The last defense witness Monday was Kathryn Arnold, an entertainment consultant who testified about damages to her career that both Depp and Heard alleged against each other.

Starting with Depp, she said she analyzed whether The Post’s comments had negatively impacted the actor’s career. Arnold testified that it had no effect, as his behavior on and off the film sets began to “interfere with what everyone saw as his great talent.”

Arnold pointed to another issue raised by Depp’s legal team: a Hollywood Reporter article published on Dec. 20, 2018 — two days after the op-ed — in which Disney executive Sean Bailey confirmed that Depp was not considered Jack Sparrow would go in the future Pirates of the Caribbean franchise. Arnold said that although it leaked online that day, it was actually released in print two days earlier, on the same day as the comment — so there’s “no way” Heard’s comment had any bearing on what the Hollywood Reporter journalist wrote , she said.

She reiterated that Depp caused additional damage to his career with his defamation lawsuit against British tabloid The Sun (which he lost in 2020), which, among other things, spotlighted his vulgar text messages and allegations of his conduct. “In fact, he’s causing his own downfall by bringing forward these lawsuits and continuing to ignite the fire of negative publicity around them both,” she said.

The cross-examination also primarily dealt with Arnold’s testimony that comments made by Depp’s attorney, Adam Waldman, to the media — which called her allegations of abuse a hoax — damaged the actress’ reputation and career to the point of ruin and cost her around $45 million to $50 million on occasions .
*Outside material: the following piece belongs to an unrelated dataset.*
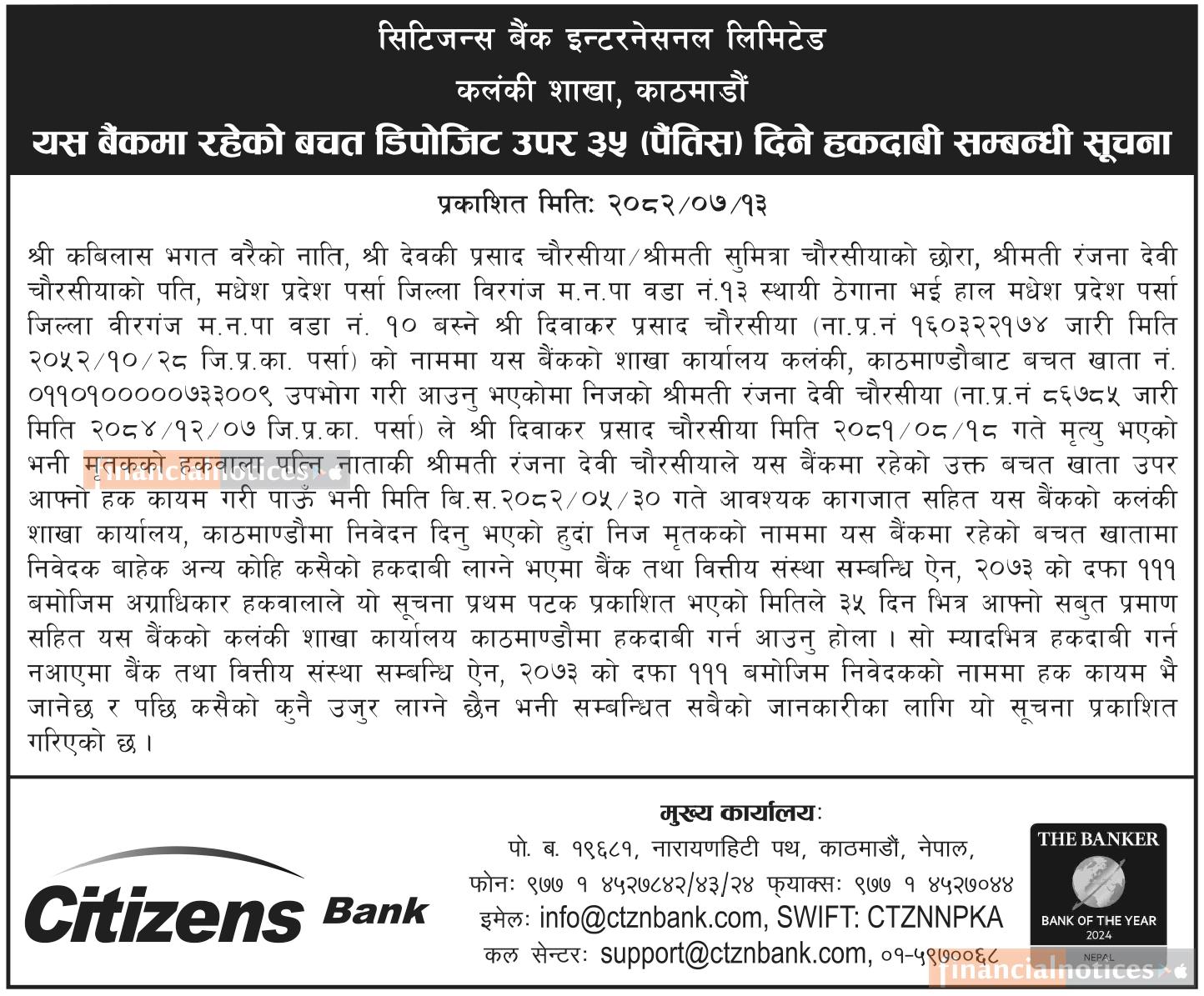 बैंकमा रहेको बचत डिपोजिट उपर ३५ दिने हकदावी सम्बन्धी सूचना
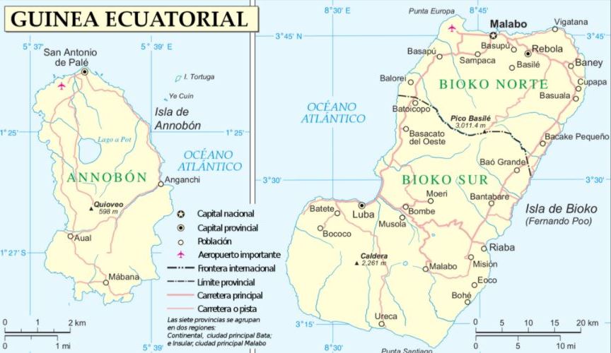 b) Fernando Poo (ara Bioko, i desde 1969 Malabo – antiga Santa Isabel- es la capital del pais) :

Dennison poked fun at the idea, particularly the actors Arnold described as “comparable” to Heard’s potential career ahead of Waldman’s comments, including Jason Momoa (Heard’s Aquaman co-star), Gal Gadot, Ana de Armas and Zendaya – such a famous actress, Dennison pointed out that she goes by one name. Arnold said she was trying to find a comparison with actors who have also been in superhero and action films and that they are only comparable, not identical.

Depp’s attorney also pointed out that after 2018’s “Aquaman,” which Arnold described as her breakthrough moment, Heard had booked only one acting role until Waldman’s testimony in 2020. Arnold agreed, but the role was on the TV show The Stand, which was a big deal because it was based on a Stephen King novel.